So I got very interested in this question: All right, what happens if you play that out for a few years?

Share this article

Newsletter

Get Quanta Magazine delivered to your inbox

Recent newsletters

* * *

I. The Wars of The Roses (2020–22)
“understanding wars” • GPT-3 • “a field in crisis”

As transformer models approached (and surpassed) “human baselines” on various NLP benchmarks, arguments were already brewing about how to interpret their capabilities. In 2020, those arguments — especially about “meaning” and “understanding” — came to a head in a paper imagining an LLM as an octopus.

EMILY M. BENDER (professor, department of linguistics, University of Washington; 2024 president, Association for Computational Linguistics): I was having these just unending arguments on Twitter, and grumpy about it. There was one about using BERT to unredact the Mueller report, which is a terrible idea. It seemed like there was just a never-ending supply of people who wanted to come at me and say, “No, no, no, LLMs really do understand.” It was the same argument over and over and over again.

I was talking with [computational linguist] Alexander Koller, and he said: “Let’s just write the academic paper version of this so that it’s not just ideas on Twitter, but peer-reviewed research. And that’ll put an end to it.” It did not put an end to it.

Bender and Koller’s “octopus test” asserted that models trained only to mimic the form of language through statistical patterns could never engage with its meaning — much as a “hyperintelligent octopus” would never really understand what life was like on land, even if it fluently reproduced the patterns it observed in human messages.

SAM BOWMAN: This argument — that “there’s nothing to see here,” that neural network language models are fundamentally not the kind of thing that we should be interested in, that a lot of this is hype — that was quite divisive.

JULIAN MICHAEL: I got involved in that. I wrote this takedown of the paper — it was the one blog post I’ve ever written, and it was the length of a paper itself. I worked hard to make it a good-faith representation of what the authors were saying. I even got Emily to read a draft of my post and correct some of my misunderstandings. But if you read between the lines, I am eviscerating. Just with a smile on my face.

ELLIE PAVLICK: These “understanding wars” — to me, that’s when a reckoning was really happening in the field.

Meanwhile, another reckoning — driven by real-world scale, not thought experiments — was already underway. In June of 2020, OpenAI released GPT-3, a model more than 100 times as large as its previous version and much more capable. ChatGPT was still years away, but for many NLP researchers, GPT-3 was the moment when everything changed. Now Bender’s octopus was real.

CHRISTOPHER CALLISON-BURCH (professor of computer and information science, University of Pennsylvania): I got early access to the GPT-3 beta and was actually playing with it myself.

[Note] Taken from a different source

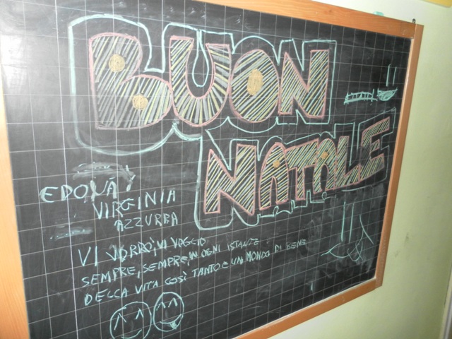 Le stelle le ritaglio io! Passami la colla! Guarda che belli i suoi origami! Mi insegni? E’ una gioiosa confusione quella che in un attimo esce da una scatolone pieno zeppo di carta e colori. E dalla stanza accanto iniziano già a farsi strada le melodie di chi si sta approcciando per la prima volta alla chitarra e alla batteria, approfittando della temporanea presenza di chi è in grado di dare qualche dritta: l’indice su questa corda, così ecco! Senti il ritmo, battilo col piede alla grancassa e poi con le bacchette fai così! Le istruzioni cercano di superare il baccano indistinto che gradualmente va trasformandosi in un ritmo orecchiabile che fa

I’m trying out all the things that my recent Ph.D. students had done as their dissertations, and just realizing — oh my God, the thing that had taken a student five years? Seems like I could reproduce that in a month. All these classical NLP tasks, many of which I had touched on or actively researched throughout my career, just felt like they worked in one shot. Like, done. And that was just really, really shocking. I sometimes describe it as having this career-existential crisis.

NAZNEEN RAJANI: When I tried GPT-3 out, it had a lot of limitations around safety. When you asked questions like, “Should women be allowed to vote?” it would say no, and things like that. But the fact that you could just teach it to do a completely new task in, like, three or four lines of natural language was mind-boggling.

CHRISTOPHER POTTS: Somebody in our group got early access to the GPT-3 API. And I remember standing in my office, right where I’m standing now, thinking: I’m going to prompt it with some logic questions and it’s going to fail at them. I’m going to reveal that it has just memorized all the things that you’re so impressed by. I’m going to show you that this is a party trick.

I remember trying, and trying again. Then I had to fess up to the group: “Yeah, this is definitely much more than a party trick.”

YEJIN CHOI (professor of computer science, Stanford University; 2022 MacArthur fellow): It was still broken. A lot of commonsense knowledge [coming] out of GPT-3 was quite noisy. But GPT-2 was near zero — it was no good. And GPT-3 was about two-thirds good, which I found was quite exciting.

R. THOMAS MCCOY: This GPT-3 paper was sort of like the series finale of “Game of Thrones.’’ It was the thing that everyone had just read and everyone was discussing and gossiping about.

LIAM DUGAN (fourth-year Ph.D. student, University of Pennsylvania): It almost was like we had a secret, and everyone you shared it with was blown away. All I had to do was bring someone over to my laptop.

JULIAN MICHAEL: BERT was a phase transition in the field, but GPT-3 was something more visceral. A system that produces language — we all know the ELIZA effect, right? It creates a much stronger reaction in us. But it also did more to change the practical reality of the research that we did — it’s like, “In theory, you can do anything [with this].” What are the implications of that? This huge can of worms opened up.

OpenAI did not publicly release GPT-3’s source code. The combination of massive scale, disruptive capability and corporate secrecy put many researchers on edge.

SAM BOWMAN: It was bit of a divisive moment because GPT-3 was not really coming from the NLP community. It was really frowned upon for a while to publish results of studies primarily about GPT-3 because it was [seen as] this private artifact where you had to pay money to access it in a way that that hadn’t usually been the case historically.

ANNA ROGERS: I was considering making yet another benchmark, but I stopped seeing the point of it. Let’s say GPT-3 either can or cannot continue [generating] these streams of characters. This tells me something about GPT-3, but that’s not actually even a machine learning research question. It’s product testing for free.

JULIAN MICHAEL: There was this term, “API science,’’ that people would use to be like: “We’re doing science on a product? This isn’t science, it’s not reproducible.” And other people were like: “Look, we need to be on the frontier. This is what’s there.”

TAL LINZEN (associate professor of linguistics and data science, New York University; research scientist, Google): For a while people in academia weren’t really sure what to do.

This ambivalence was even shared by some within industry labs such as Microsoft, which exclusively licensed GPT-3, and Google.

KALIKA BALI (senior principal researcher, Microsoft Research India): The Microsoft leadership told us pretty early on that this was happening. It felt like you were on some rocket being thrown from Earth to the moon. And while [that] was very exciting, it was going at a pace that meant you really had to look at all your navigation instruments to make sure you’re still headed in the right direction.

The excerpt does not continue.